The court’s order in the San Bernardino case, however, could be limited — both by its terms and in its precedential effect — only to those cases in which the iPhone owner wants Apple to disable the auto-erase function, so that the owner itself can get at the information on the iPhone, which it is lawfully entitled to access in the first instance.

To be sure, the phone owner’s consent would not, in and of itself, settle the “reasonableness” question under the AWA, particularly if my co-blogger Julian Sanchez is correct that there would be a significant risk that Apple’s new “key” would be hacked and compromised, with deleterious effects for many phones beyond the one in the FBI’s possession. According to Julian, such a key “almost certainly [would be] stored [by Apple] in secure vaults, on a Hardware Security Module that makes it difficult or impossible to copy the key itself off that dedicated hardware, and likely protected by elaborate procedures that have to be followed to authenticate major new software releases.” Even so, he worries that “[i]f your adversaries realistically include, say, the Chinese and Russian intelligence services — and for Apple, you’d better believe it — it’s a serious enough security problem to guard against exfiltration or use of that Holy Grail private key. Doing the same for a continuously updated and deployed hacking tool is likely to be hugely more difficult.” [This is the way Apple puts the same point (I think): “Keeping and maintaining the compromised operating system and everything related to . . . forc[es] Apple to take on the task of unfailingly securing against disclosure or misappropriation the development and testing environments, equipment, codebase, documentation, and any other materials relating to the compromised operating system. Given the millions of iPhones in use and the value of the data on them, criminals, terrorists, and hackers will no doubt view the code as a major prize and can be expected to go to considerable lengths to steal it, risking the security, safety, and privacy of customers whose lives are chronicled on their phones.”]

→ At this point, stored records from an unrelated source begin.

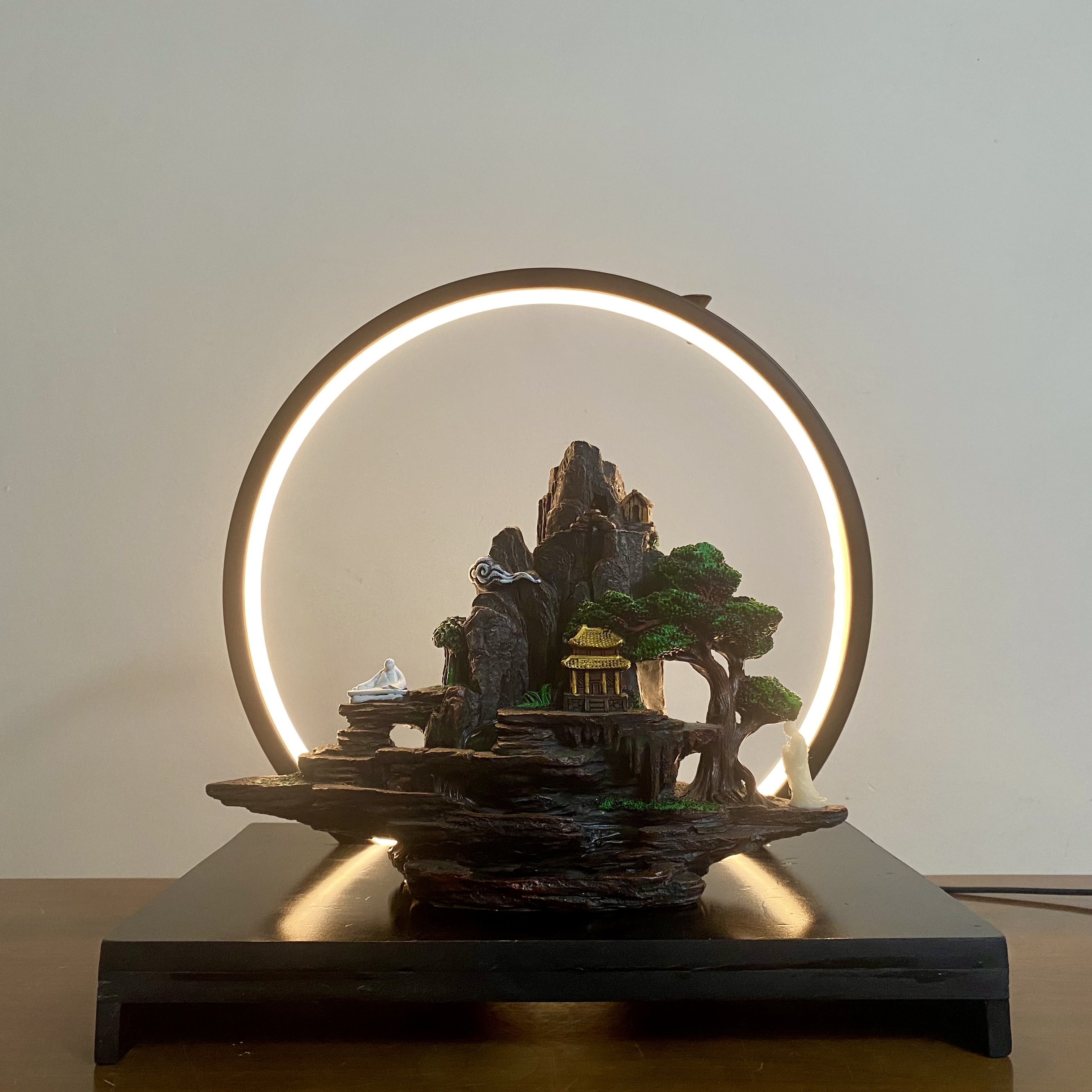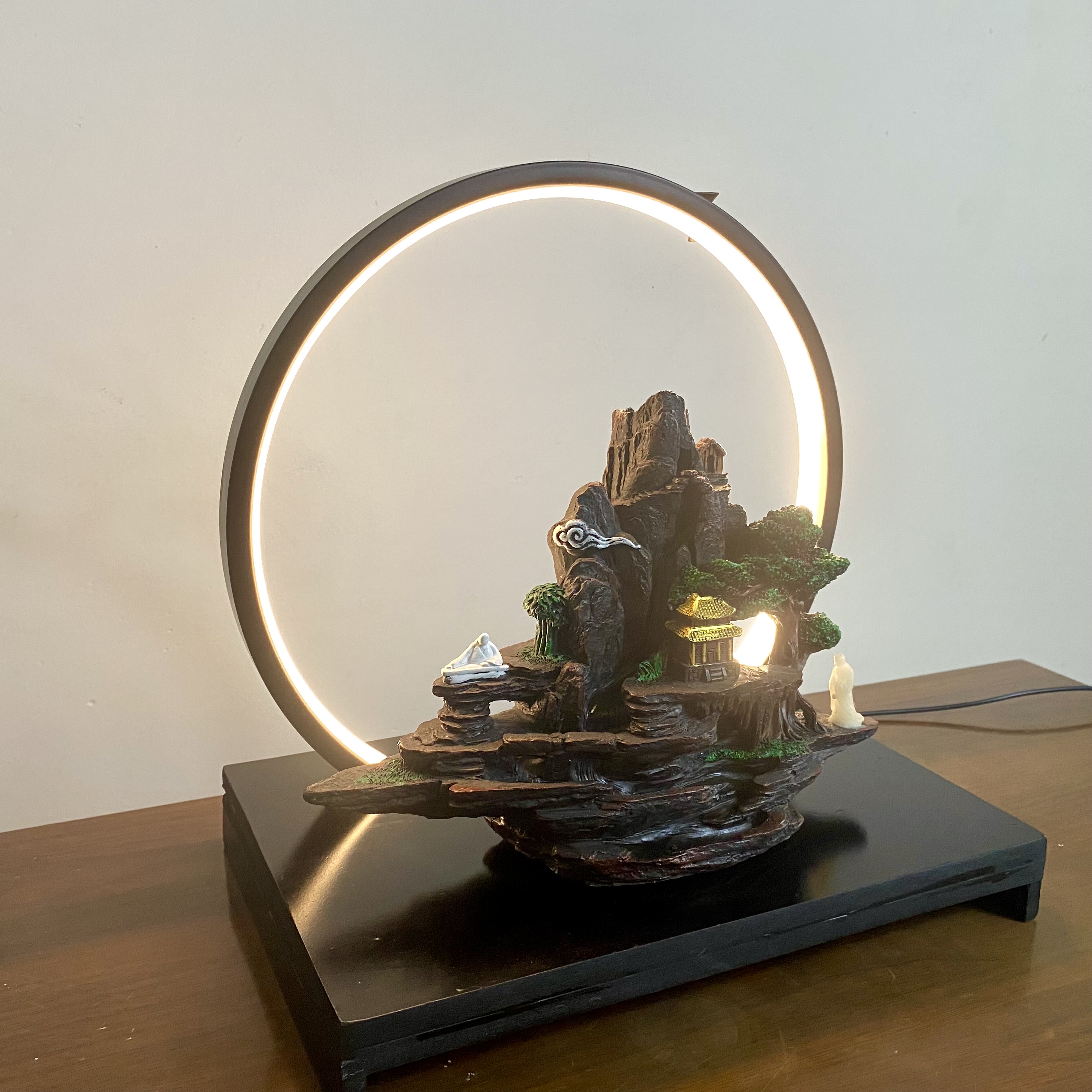 Thác khói trầm hương Mẫu Tiểu Cảnh Kết hợp bộ kệ đèn Led chỉnh màu
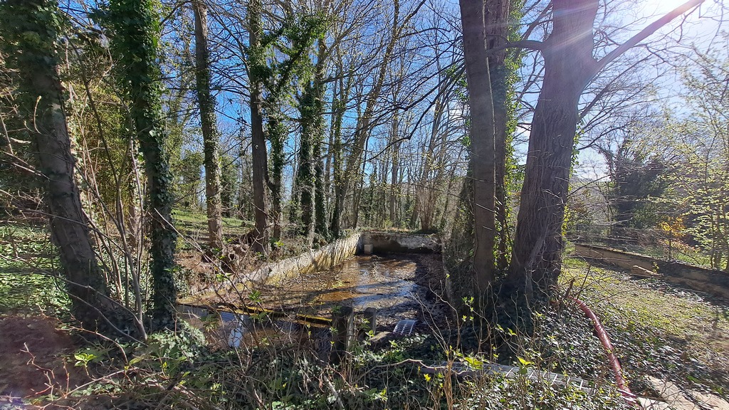Une source alimente une charmante fontaine XVIIIe en pierre de Volvic puis un bassin.
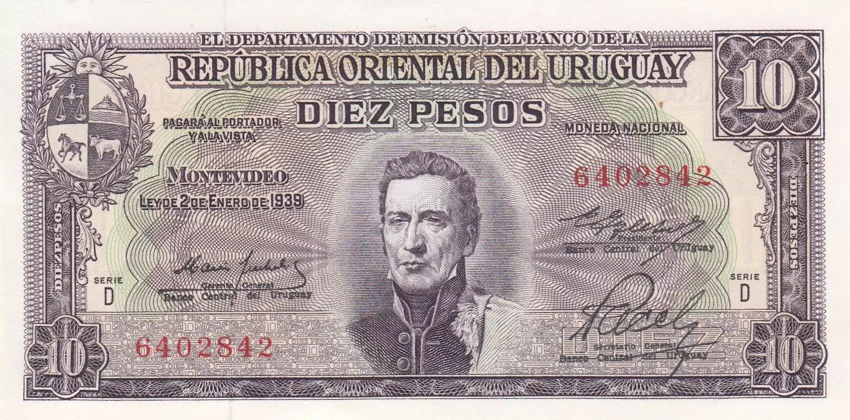 Le billet de 10 pesos uruguayens, daté du 2 janvier 1939, appartient à la série D. Il s'agit d'un billet de banque émis par l'institut d'émission de l'Uruguay, dont la valeur nominale est de 10 pesos.
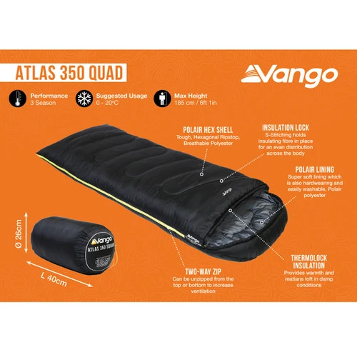 The Vango Atlas 350 Quad is perfect for festival-goers and those taking their first step into the world of camping. This 3 season sleeping bag, with its TOG rating of 9.5, soft Polair® fabric with single-layer stitch construction and shaped hood make it incredible value for money. The Vango Atlas 350 Quad is the perfect sleeping bag for a novice adventurers who want a cosy night’s sleep under the stars.
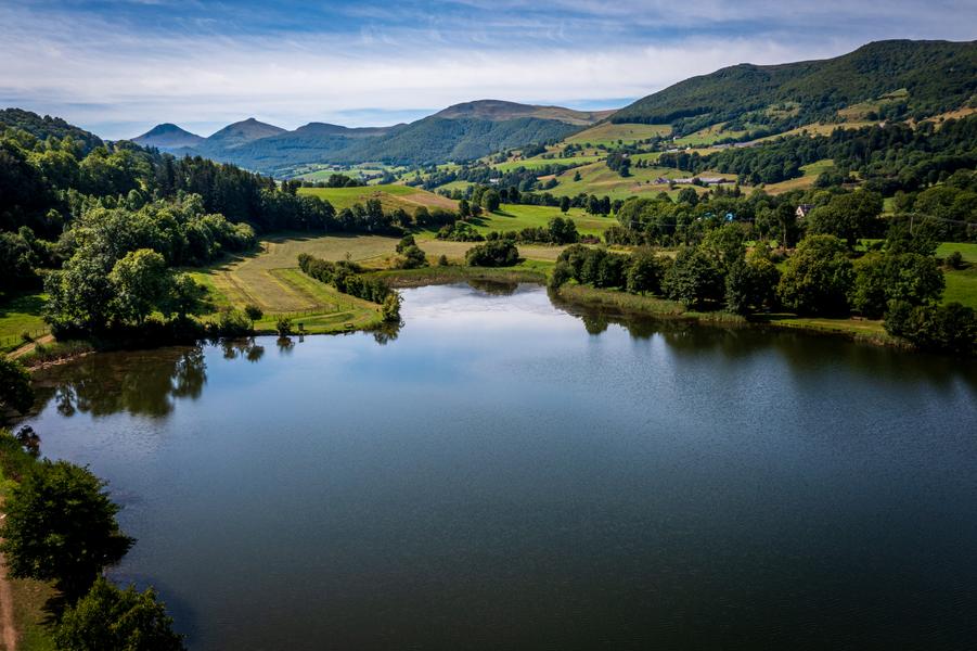 Venez pêcher au lac des cascades en profitant d'une vue imprenable sur le Puy Mary au cœur de la vallée de la petite rhue.

I’m no expert in such things, but this strikes me as perhaps the most important question in the case: What are the risks that the software, despite Apple’s best efforts to secure it, would be compromised by others? (The cost to Apple to prevent such an occurrence is presumably less of an issue — or at least it would be if the government were willing to foot the bill, as I presume it is.) If those risks are minimal, then perhaps Apple would be much better off making its AWA “unreasonableness” argument in a case where the owner of the iPhone does not consent to Apple’s assistance in disabling the “auto-erase” function.

P.S. The most intriguing argument in Apple’s brief is the suggestion (p. 30) that the FBI should not be permitted, under the All Writs Act, to put Apple to the task of creating the new software unless the government can represent that the NSA can’t offer the necessary assistance, which “might obviate the need to conscript Apple.”